=== Supplied material ===

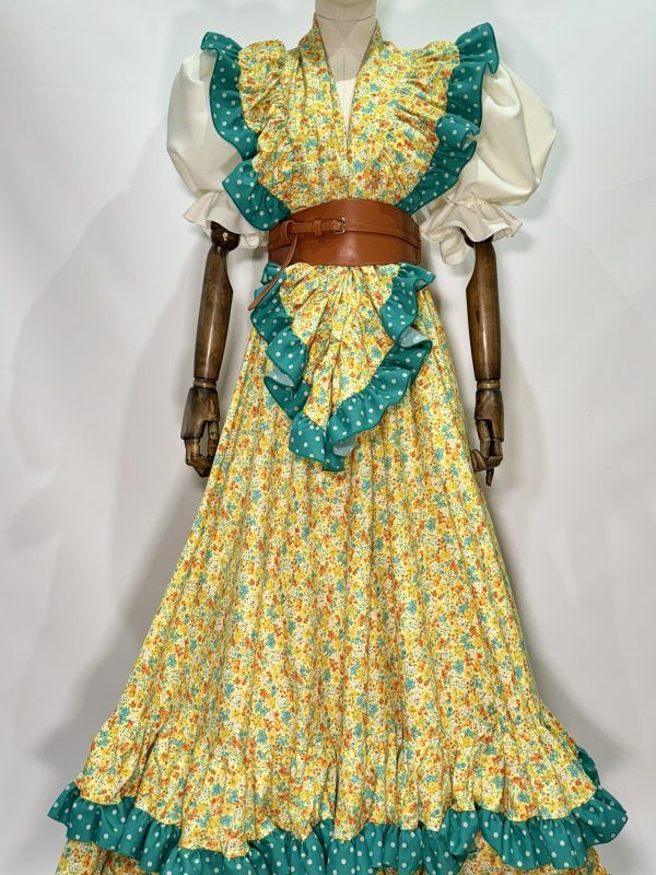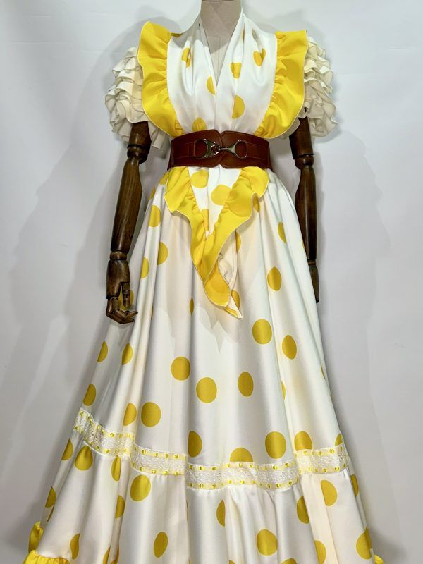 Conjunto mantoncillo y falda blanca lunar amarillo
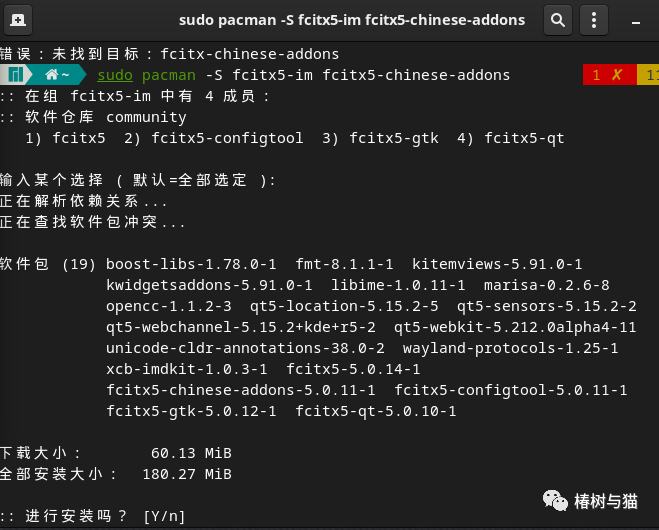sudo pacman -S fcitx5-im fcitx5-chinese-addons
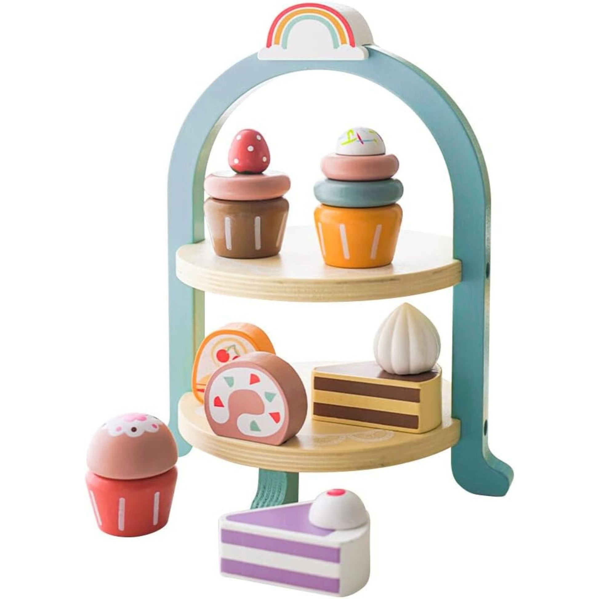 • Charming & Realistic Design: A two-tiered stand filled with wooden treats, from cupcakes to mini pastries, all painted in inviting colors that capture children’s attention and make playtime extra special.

* * *

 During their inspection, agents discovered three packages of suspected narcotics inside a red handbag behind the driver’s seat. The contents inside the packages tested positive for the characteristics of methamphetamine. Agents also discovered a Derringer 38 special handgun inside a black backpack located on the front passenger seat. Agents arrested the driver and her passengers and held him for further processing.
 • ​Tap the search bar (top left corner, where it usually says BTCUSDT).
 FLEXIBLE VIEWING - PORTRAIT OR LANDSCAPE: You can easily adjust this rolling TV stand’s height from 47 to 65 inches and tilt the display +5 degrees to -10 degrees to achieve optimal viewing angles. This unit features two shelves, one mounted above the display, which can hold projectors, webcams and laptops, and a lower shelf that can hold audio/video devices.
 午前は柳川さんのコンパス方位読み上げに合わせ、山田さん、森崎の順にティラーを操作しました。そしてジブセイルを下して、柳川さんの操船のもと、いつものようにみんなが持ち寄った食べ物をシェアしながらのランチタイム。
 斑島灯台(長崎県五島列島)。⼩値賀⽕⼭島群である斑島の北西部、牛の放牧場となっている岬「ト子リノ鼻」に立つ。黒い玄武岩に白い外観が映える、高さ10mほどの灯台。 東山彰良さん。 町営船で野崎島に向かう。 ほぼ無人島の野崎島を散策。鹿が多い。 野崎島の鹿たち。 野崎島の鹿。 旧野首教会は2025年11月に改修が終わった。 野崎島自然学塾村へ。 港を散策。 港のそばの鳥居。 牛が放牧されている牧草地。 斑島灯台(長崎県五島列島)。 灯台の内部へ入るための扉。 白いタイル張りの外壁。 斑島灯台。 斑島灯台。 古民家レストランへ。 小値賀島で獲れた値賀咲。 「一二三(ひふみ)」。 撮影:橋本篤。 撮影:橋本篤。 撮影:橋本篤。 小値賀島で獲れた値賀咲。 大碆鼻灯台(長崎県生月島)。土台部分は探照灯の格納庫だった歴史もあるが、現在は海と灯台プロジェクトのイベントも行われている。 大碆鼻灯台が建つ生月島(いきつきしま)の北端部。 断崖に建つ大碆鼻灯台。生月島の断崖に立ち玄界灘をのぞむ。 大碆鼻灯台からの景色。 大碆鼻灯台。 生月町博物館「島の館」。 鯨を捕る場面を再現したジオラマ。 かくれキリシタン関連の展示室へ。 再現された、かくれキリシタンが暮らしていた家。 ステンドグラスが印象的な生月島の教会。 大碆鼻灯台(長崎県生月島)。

=== Task goal ===
Among the records above, repeat exactly the line with "FLEXIBLE VIEWING - PORTRAIT", the line with "再現された、かくれキリシタンが暮らしていた家。 ステンドグラスが印象的な生月島の教会。 大碆鼻灯台(長崎県生月島)。", and every line in between, and only those.

=== Task answer ===
 FLEXIBLE VIEWING - PORTRAIT OR LANDSCAPE: You can easily adjust this rolling TV stand’s height from 47 to 65 inches and tilt the display +5 degrees to -10 degrees to achieve optimal viewing angles. This unit features two shelves, one mounted above the display, which can hold projectors, webcams and laptops, and a lower shelf that can hold audio/video devices.
 午前は柳川さんのコンパス方位読み上げに合わせ、山田さん、森崎の順にティラーを操作しました。そしてジブセイルを下して、柳川さんの操船のもと、いつものようにみんなが持ち寄った食べ物をシェアしながらのランチタイム。
 斑島灯台(長崎県五島列島)。⼩値賀⽕⼭島群である斑島の北西部、牛の放牧場となっている岬「ト子リノ鼻」に立つ。黒い玄武岩に白い外観が映える、高さ10mほどの灯台。 東山彰良さん。 町営船で野崎島に向かう。 ほぼ無人島の野崎島を散策。鹿が多い。 野崎島の鹿たち。 野崎島の鹿。 旧野首教会は2025年11月に改修が終わった。 野崎島自然学塾村へ。 港を散策。 港のそばの鳥居。 牛が放牧されている牧草地。 斑島灯台(長崎県五島列島)。 灯台の内部へ入るための扉。 白いタイル張りの外壁。 斑島灯台。 斑島灯台。 古民家レストランへ。 小値賀島で獲れた値賀咲。 「一二三(ひふみ)」。 撮影:橋本篤。 撮影:橋本篤。 撮影:橋本篤。 小値賀島で獲れた値賀咲。 大碆鼻灯台(長崎県生月島)。土台部分は探照灯の格納庫だった歴史もあるが、現在は海と灯台プロジェクトのイベントも行われている。 大碆鼻灯台が建つ生月島(いきつきしま)の北端部。 断崖に建つ大碆鼻灯台。生月島の断崖に立ち玄界灘をのぞむ。 大碆鼻灯台からの景色。 大碆鼻灯台。 生月町博物館「島の館」。 鯨を捕る場面を再現したジオラマ。 かくれキリシタン関連の展示室へ。 再現された、かくれキリシタンが暮らしていた家。 ステンドグラスが印象的な生月島の教会。 大碆鼻灯台(長崎県生月島)。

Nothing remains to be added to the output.